| MATERIALS PROVIDED |
____________
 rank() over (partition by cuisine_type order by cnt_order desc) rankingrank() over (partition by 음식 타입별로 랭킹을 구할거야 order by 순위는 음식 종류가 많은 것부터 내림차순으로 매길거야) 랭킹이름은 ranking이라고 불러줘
____________
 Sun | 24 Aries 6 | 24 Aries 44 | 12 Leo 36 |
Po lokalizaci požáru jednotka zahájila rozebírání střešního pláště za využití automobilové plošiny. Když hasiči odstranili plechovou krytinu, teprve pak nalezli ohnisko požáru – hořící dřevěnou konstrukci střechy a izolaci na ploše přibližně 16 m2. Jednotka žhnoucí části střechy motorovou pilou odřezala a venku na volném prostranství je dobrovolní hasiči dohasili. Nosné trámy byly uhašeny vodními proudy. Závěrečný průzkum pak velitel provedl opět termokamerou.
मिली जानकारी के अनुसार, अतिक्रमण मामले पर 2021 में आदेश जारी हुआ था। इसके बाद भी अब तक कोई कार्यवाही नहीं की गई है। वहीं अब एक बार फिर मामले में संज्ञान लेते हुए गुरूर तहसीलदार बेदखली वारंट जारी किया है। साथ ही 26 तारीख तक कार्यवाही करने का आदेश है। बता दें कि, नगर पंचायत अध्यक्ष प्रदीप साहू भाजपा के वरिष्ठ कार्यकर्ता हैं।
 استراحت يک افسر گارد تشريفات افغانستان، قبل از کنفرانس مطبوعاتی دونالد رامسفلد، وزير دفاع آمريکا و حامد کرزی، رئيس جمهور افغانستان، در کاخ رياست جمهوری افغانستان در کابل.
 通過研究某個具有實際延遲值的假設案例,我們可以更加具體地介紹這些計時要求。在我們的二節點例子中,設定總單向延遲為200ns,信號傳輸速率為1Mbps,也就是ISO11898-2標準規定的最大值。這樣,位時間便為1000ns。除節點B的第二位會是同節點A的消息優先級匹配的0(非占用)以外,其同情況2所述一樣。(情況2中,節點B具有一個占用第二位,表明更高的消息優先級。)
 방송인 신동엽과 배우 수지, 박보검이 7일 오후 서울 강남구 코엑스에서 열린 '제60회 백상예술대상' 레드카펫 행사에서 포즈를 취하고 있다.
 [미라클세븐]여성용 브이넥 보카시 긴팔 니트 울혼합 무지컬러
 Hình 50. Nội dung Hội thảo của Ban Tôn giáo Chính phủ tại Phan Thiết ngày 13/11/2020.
____________
Print, without alteration, only the lines above between the one holding "방송인 신동엽과 배우" and the one holding "Hình 50. Nội", inclusive.

| RESPONSE AREA |
 방송인 신동엽과 배우 수지, 박보검이 7일 오후 서울 강남구 코엑스에서 열린 '제60회 백상예술대상' 레드카펫 행사에서 포즈를 취하고 있다.
 [미라클세븐]여성용 브이넥 보카시 긴팔 니트 울혼합 무지컬러
 Hình 50. Nội dung Hội thảo của Ban Tôn giáo Chính phủ tại Phan Thiết ngày 13/11/2020.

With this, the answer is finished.